Tarihi yüzyıllar öncesine dayanan ve geleneksel Türk içeceği olarak anılan boza, kültürel bir içecek olmanın yanı sıra içeriğindeki zengin vitamin ve minerallerle sağlığımızı koruyor. Yoğun kıvamına eşlik eden tarçın ve sarı leblebi ile boza, lezzetine lezzet katıyor.
Kış mevsiminin soğuk akşamlarında dışarıda lapa lapa kar yağarken, sokaktan gelen ‘bozaaa’ sesiyle renklenirdi çocukluğumuz. Sohbetlere, bozacının sesiyle tatlı bir ara verilir, bozalar soba başında keyifle içilirdi. Günümüzde, sokaktan bozacı geçmese de bozanın o eski tadı hâlâ damaklardaki yerini koruyor.
Sadece çocukluk günlerimizin değil günümüzün de en sevilen içecekleri arasında yer alan bozanın tarihine bir göz atalım: Mezopotamya’da üretilmeye başlandığı tahmin edilen boza; darı, arpa, bulgur, mısır unu, şeker, maya gibi bileşenlerin fermantasyonu ile Mısır ve Trakya’da yaygın olarak tüketilir olmuş. Selçuklular zamanında “bekni” adıyla anılan bozadan, Venedikli seyyah Barbaro, Rusya’daki Türklerin boza içtiklerinden ve adına “bossoi” dediklerinden bahsetmiş.
Mayalı, alkolsüz ve ham maddesi darı olup eski bir Türk içeceği olarak anılan boza, Osmanlı döneminde en parlak günlerini yaşamış. Bozacılık, Osmanlı Devleti’nin ilk kuruluş yıllarında “bozahanelerle” büyük kentlerin temel zanaatlarından biri haline gelerek, geçim kaynağı oluşturmuş. 17. yüzyılda Evliya Çelebi, Seyahatname adlı eserinde bozacılıkla ilgili bilgilere yer vermiş. Boza, özellikle yeniçerilere kuvvet vermesi ve açlığı gidermesi açısından bolca tüketilir olmuş.
Günümüzde ise boza, özellikle Türkiye, Balkan ülkeleri, Orta Doğu, Orta Asya ve Afrika ülkelerinde sevilen içecekler arasında yerini korumayı sürdürüyor.
Haber Görseli
Bozacılık, Osmanlı Devleti’nin ilk kuruluş yıllarında “bozahanelerle” büyük kentlerin temel zanaatlarından biri haline gelmiş.
SAĞLIK İÇİN BOZA
Bozanın içerisinde bağışıklık sistemini kuvvetlendiren içerikler bulunuyor. Darı, mısır veya bulgurla hazırlanan boza, özellikle kış aylarının vazgeçilmez içeceklerinden birisi olma özelliğini koruyor.
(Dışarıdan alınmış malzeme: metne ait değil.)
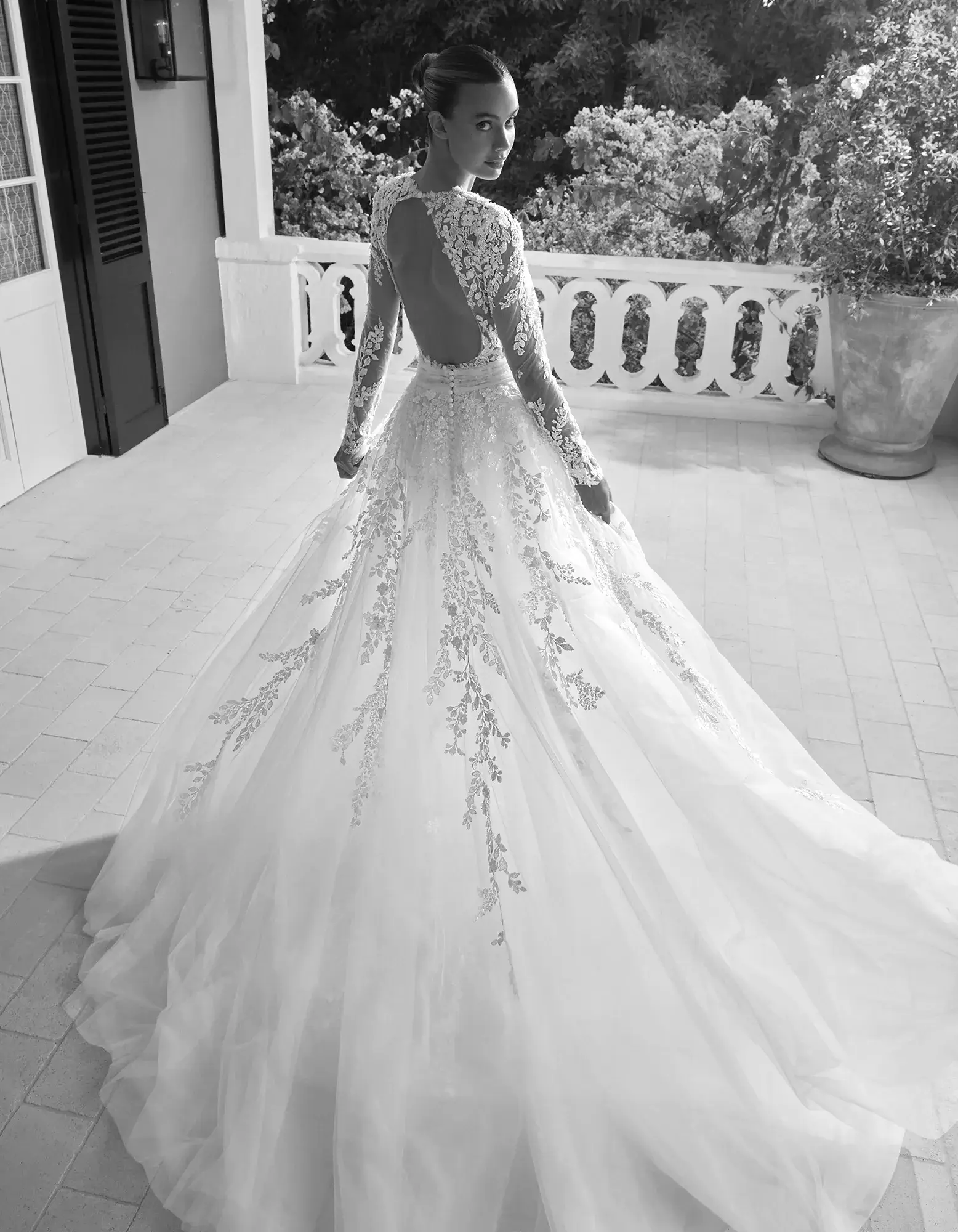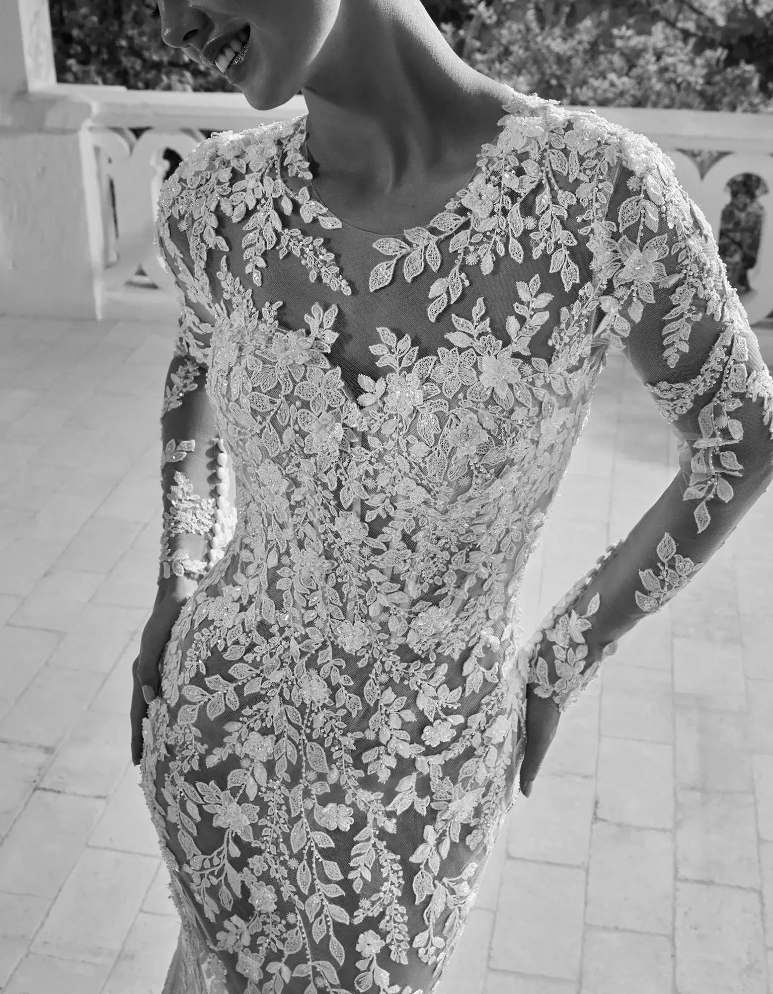 Abito a sirena dallo stile romantico e moderno che abbina un body a corsetto ad applicazioni di pizzo sulla gonna. Ha come complemento una sopragonna in tulle, che dona un effetto double look.

Fermente bir içecek olan boza, mayalandıktan sonra tatlı olma, bir süre bekledikten sonra ise ekşi olma özelliğini kazanıyor. Kendine özgü tadını ise laktik asit bakterisi nedeniyle yani mayalanmasıyla kazanıyor. Fermantasyon ile ayrı bir lezzet elde edilirken, sindirim sistemi için faydalı bakterileri de üretiyor. Boza vücut direncini artırırken, kronik ve mevsimsel hastalıklara karşı vücudu koruyor.
Bozada bulunan demir, fosfor, kalsiyum, niyasin, karbonhidrat, sodyum ile A, B1, B2 ve E vitaminleri onun şifasına şifa katıyor.
Bozayı boza yapan iki yol arkadaşı leblebi ve tarçın, bozanın olmazsa olmazlarından. Yoğun kıvamına eşlik eden leblebi ve tarçınla lezzetini artıran bozanın içimi sanki bu iki bileşenle daha bir anlam kazanıyor.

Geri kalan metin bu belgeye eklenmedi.